Asking a general or hypothetical question about the law is fine, and seldom dangerous. But asking for particular advice about specific facts can be very dangerous. It can be dangerous for the member asking the question because, if the case does get litigated, the opposing party’s attorney will usually ask whom else (other than his or her attorney) the member has discussed the case with. The member must then disclose the SDMB thread, in which case a good opposing attorney can have a field day. Whatever the member said may reveal knowledge or strategy that the opposing attorney can use against the member in litigation – and no matter how harmless the comments may seem on the boards, a good attorney will use them in litigation in whatever way helps his or her client’s case. The member will presumably have read the thread that he or she started, and will thus be burdened with notice of every wild-ass guess or theory posted in the thread, so that the opposing attorney can inquire into why the member did or did not act in accordance with the suggestion once it was posted. If some answering post suggests the legally correct course, and the asking member did not immediately adopt it, then a court can easily infer that the member was acting with reckless or willful disregard for the law from that point forward. Even if the information posted on the board was not inherently harmful, the mere act of posting it in a public forum probably waives any claim of confidentiality that the member may otherwise have enjoyed, and may even void the attorney-client privilege with respect to any subject in the litigation that was the subject of the public disclosure. The opposing attorney can then invade even otherwise privileged conversations between the member and his or her attorney.

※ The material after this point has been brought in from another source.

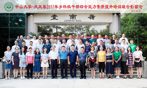 2017年第一期凤庆县干部综合素养与创新能力提升培训班于9月25日在我校广州校区南校园黄铭衍堂204室隆重开班。中山大学岭南学院党委书记黄山,工会副主席、扶贫工作组副组长彭志刚,中山大学管理学院党委副书记、凤庆县挂职副县长余立人,中共凤庆县委组织部副部长蒙盈等出席了开学典礼。来自我校定点帮扶的凤庆县44名乡科级干部们在美丽的康乐园展开为期5天的学习之旅。
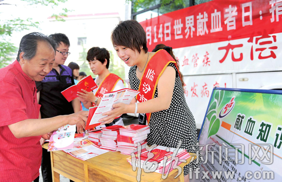 临汾新闻网讯(记者 闫锐鹏 摄)6月14日,市中心血站的工作人员在为市民讲解献血知识。当日是世界献血者日,市中心血站和市无偿献血志愿者开展了世界献血者日宣传活动,感谢多年来热心参与无偿献血的市民,号召更多人参与到定期自愿献血中来,去挽救更多的生命。

Answering a question asking for particular legal advice about a specific case can also be dangerous. If the member answering the question ventures a guess about the law, but is not a lawyer, then he or she may be practicing law without a license – a crime in most jurisdictions. And while prosecutors and bar associations are probably not scouring the SDMB looking for potential defendants, a disgruntled opponent who learns about the thread can wreak havoc for the SDMB and for the Chicago Reader, Inc., by simply bringing it to the attention of a prosecutor – because even if no prosecution results, an investigation will. I am surprised that it hasn’t happened yet (assuming that it hasn’t).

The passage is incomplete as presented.